The United States on Thursday urged Russia to treat any American volunteers captured while fighting alongside Ukrainian troops as prisoners of war guaranteed humane treatment.
The State Department also said that a third American was believed to be missing in Ukraine in addition to two military veterans who were reportedly seized by Russian forces in a pitched battle last week.
"The Russians have certain obligations and members of the Ukrainian armed forces -- including volunteers who may be third-country nationals incorporated into the armed forces -- should be treated as prisoners of war under the Geneva Conventions," State Department spokesman Ned Price told reporters.
Prisoners of war must be "afforded the treatment and protections commensurate with that status, including humane treatment and fundamental process and fair-trial guarantees," he said.
Families and members of Congress said Wednesday that Alexander Drueke and Andy Huynh, both US military veterans who had been living in Alabama, lost contact with their relatives last week while fighting with Ukrainian forces near the Russian border.
Price said the United States could not confirm details on the pair and also that there were reports of a third US citizen who was said to have gone missing "in recent weeks."

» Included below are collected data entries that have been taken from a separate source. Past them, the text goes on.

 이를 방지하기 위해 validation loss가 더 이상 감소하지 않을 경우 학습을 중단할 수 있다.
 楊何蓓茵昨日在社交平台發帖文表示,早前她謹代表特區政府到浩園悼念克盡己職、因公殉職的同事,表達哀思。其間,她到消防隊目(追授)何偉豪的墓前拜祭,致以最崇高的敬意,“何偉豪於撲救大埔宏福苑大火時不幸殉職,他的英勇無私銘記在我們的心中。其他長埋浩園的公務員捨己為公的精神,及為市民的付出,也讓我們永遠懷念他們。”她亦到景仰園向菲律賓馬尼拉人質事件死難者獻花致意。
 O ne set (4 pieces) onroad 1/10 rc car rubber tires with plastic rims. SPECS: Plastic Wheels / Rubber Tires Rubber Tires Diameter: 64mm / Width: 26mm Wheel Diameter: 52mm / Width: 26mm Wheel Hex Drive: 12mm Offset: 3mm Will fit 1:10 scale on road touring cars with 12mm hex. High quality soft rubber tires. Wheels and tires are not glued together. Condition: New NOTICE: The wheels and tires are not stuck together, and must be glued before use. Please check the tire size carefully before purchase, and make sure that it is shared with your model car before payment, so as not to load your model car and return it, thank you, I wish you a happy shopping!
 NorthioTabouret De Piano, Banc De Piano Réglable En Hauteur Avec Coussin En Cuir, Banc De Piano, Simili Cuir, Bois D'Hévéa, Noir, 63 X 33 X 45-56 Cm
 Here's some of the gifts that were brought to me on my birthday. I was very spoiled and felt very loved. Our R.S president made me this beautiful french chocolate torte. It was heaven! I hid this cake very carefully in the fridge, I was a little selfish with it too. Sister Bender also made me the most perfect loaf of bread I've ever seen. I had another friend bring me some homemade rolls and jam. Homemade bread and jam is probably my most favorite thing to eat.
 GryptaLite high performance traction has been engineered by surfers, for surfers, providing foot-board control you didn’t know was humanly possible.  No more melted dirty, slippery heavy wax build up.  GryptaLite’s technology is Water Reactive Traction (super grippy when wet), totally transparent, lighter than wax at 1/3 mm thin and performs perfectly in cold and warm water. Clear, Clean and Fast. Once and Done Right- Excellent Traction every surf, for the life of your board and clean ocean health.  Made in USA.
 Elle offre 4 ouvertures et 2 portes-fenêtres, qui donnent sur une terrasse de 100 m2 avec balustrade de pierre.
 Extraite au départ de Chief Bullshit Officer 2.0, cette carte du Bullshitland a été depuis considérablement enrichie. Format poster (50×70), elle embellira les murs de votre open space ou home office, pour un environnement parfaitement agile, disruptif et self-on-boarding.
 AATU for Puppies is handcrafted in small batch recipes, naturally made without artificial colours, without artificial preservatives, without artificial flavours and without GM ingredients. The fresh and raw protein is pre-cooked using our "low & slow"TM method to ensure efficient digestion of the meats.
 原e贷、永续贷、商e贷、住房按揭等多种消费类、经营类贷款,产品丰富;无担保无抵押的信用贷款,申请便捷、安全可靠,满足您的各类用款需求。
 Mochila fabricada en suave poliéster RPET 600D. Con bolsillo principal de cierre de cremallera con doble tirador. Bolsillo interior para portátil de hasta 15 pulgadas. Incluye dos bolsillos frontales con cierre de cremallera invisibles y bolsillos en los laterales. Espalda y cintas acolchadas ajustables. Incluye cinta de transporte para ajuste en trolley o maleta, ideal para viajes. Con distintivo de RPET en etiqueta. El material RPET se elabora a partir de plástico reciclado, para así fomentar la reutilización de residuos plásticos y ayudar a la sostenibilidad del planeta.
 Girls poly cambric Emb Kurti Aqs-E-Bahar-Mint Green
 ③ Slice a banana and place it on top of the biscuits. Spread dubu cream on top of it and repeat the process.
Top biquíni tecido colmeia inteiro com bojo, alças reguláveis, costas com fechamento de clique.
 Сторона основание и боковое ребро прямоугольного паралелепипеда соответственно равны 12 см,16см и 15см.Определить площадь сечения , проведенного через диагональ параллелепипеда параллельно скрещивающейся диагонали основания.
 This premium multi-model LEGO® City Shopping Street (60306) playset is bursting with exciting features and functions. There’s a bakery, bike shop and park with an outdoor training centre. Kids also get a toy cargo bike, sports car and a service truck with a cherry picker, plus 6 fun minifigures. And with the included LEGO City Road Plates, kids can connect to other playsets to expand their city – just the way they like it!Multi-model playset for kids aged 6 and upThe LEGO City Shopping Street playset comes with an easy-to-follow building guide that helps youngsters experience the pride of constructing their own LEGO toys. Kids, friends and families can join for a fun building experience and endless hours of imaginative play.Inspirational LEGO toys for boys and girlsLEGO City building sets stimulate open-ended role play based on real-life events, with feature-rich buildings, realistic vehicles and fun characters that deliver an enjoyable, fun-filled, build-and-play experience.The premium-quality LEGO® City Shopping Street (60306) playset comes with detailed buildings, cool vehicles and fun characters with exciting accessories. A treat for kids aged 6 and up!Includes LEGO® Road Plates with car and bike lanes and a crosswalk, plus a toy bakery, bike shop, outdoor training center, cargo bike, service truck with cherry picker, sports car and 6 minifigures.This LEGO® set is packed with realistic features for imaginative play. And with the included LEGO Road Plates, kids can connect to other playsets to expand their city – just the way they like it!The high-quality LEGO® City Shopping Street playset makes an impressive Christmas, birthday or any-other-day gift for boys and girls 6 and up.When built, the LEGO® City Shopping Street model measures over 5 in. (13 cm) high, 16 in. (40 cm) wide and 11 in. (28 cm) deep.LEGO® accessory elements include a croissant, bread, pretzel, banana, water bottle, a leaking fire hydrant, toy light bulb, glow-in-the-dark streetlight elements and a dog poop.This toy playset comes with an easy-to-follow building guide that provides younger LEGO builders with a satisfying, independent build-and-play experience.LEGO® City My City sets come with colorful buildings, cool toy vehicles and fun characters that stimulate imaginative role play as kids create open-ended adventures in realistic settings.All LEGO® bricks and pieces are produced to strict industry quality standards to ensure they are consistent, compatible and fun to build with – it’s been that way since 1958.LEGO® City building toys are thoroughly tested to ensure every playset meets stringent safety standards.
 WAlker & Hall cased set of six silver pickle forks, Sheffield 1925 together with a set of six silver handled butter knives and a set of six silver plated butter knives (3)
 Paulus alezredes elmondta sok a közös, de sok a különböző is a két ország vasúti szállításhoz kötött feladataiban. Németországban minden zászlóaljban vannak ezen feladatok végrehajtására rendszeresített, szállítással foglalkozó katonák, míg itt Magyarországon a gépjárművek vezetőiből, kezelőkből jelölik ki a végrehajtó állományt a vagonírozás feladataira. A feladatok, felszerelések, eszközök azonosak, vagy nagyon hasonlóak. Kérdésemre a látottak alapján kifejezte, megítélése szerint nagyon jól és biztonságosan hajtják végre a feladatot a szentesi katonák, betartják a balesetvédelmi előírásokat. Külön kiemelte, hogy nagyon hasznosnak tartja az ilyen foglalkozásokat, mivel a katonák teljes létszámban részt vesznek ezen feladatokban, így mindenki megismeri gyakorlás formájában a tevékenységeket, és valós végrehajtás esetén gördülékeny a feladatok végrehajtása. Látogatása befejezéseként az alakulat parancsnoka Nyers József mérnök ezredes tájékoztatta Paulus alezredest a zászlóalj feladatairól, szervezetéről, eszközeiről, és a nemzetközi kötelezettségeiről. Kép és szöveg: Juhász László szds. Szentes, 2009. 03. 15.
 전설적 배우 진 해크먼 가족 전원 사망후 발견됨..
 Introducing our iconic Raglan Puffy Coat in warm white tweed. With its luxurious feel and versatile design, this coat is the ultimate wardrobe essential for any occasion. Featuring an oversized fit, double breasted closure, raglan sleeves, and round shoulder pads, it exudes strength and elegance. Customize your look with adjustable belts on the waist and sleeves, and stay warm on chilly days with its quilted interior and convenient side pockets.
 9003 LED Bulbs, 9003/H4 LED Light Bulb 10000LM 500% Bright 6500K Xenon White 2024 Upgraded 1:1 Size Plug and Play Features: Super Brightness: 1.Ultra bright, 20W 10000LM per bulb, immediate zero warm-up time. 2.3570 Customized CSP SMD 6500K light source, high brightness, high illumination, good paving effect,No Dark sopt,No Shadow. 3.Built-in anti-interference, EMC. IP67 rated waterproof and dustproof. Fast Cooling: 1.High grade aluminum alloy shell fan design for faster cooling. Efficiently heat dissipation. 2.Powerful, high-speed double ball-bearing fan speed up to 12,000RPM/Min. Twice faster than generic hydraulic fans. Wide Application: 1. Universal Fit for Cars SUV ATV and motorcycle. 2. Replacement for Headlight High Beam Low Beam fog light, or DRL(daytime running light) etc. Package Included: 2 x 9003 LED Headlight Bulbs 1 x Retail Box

The Geneva Conventions, originating in the 19th century and updated after World War II, define the rights of prisoners of war including barring torture and guaranteeing medical treatment.
Under former president George W Bush, the United States controversially labelled fighters detained in the "war on terror" as enemy combatants rather than prisoners of war, circumventing protections under the Geneva Conventions.
President Joe Biden's administration, while sending billions of dollars worth of weapons and economic aid to Ukraine, argues that the United States is not directly fighting Russia and has discouraged Americans from traveling to the war zone.